**Exercise data**
Segment Open
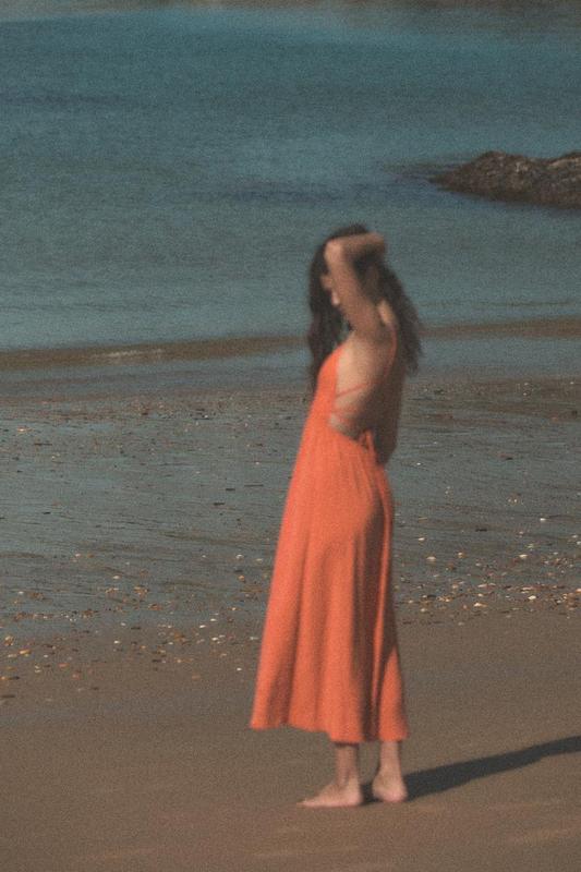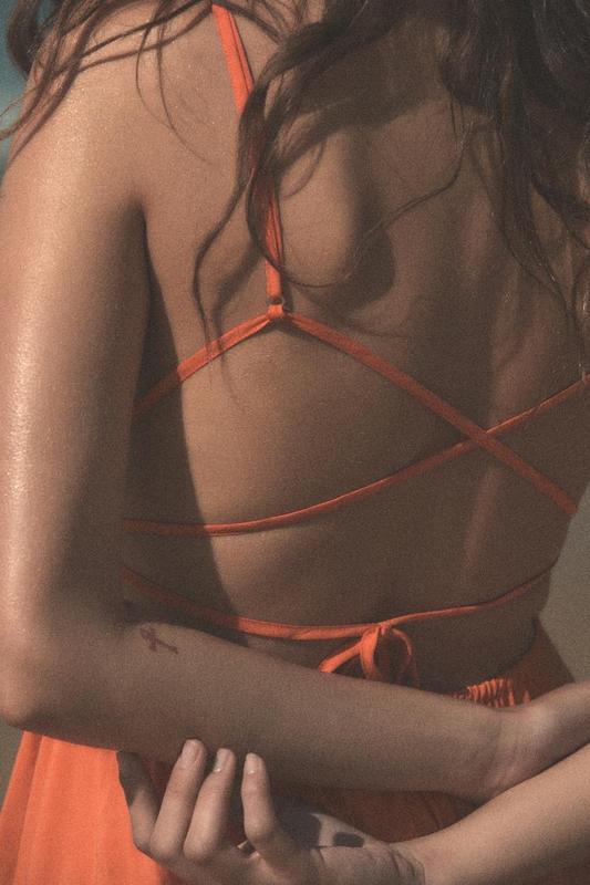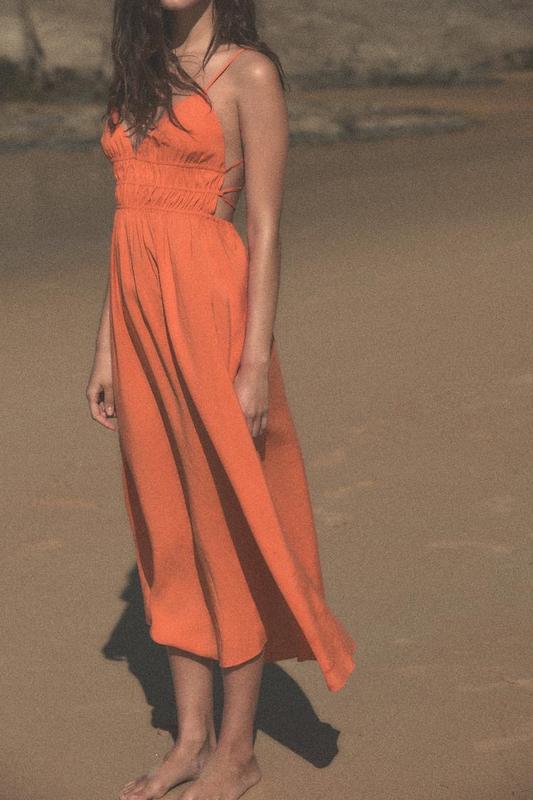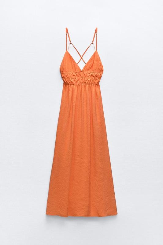 Струмуюча сукня середньої довжини з V-подібним вирізом і тонкими регульованими бретелями, що перехрещуються та зав’язуються ззаду.Помаранчевий | 3092/796
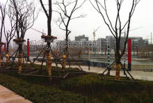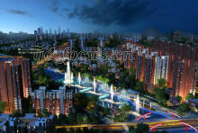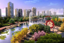 银盛泰星河城区内景观设计以贯穿社区的中央景观带为主,采用三级绿化体系,使社区呈现出错落有致、高中低矮各不同、四季常青的景观效果。其中楼与楼之间的组团景观点缀其中,蜿蜒迂回的小路和休闲活动场所及院落景观,可谓窗窗看景,移步异景,同时保证每位业主的居住环境私密性。
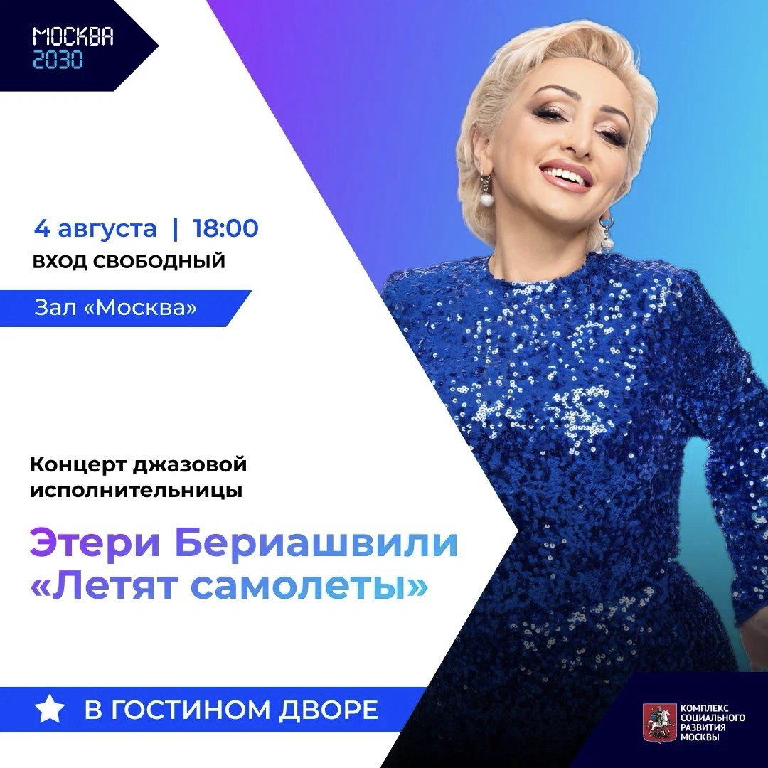 🎷4 августа в Москве выступит певица Этери Бериашвили
Segment Closed
**Prompt**
Please reproduce the whole listing exactly; the pictures stay out.

**Output below**
 Струмуюча сукня середньої довжини з V-подібним вирізом і тонкими регульованими бретелями, що перехрещуються та зав’язуються ззаду.Помаранчевий | 3092/796
 银盛泰星河城区内景观设计以贯穿社区的中央景观带为主,采用三级绿化体系,使社区呈现出错落有致、高中低矮各不同、四季常青的景观效果。其中楼与楼之间的组团景观点缀其中,蜿蜒迂回的小路和休闲活动场所及院落景观,可谓窗窗看景,移步异景,同时保证每位业主的居住环境私密性。
 🎷4 августа в Москве выступит певица Этери Бериашвили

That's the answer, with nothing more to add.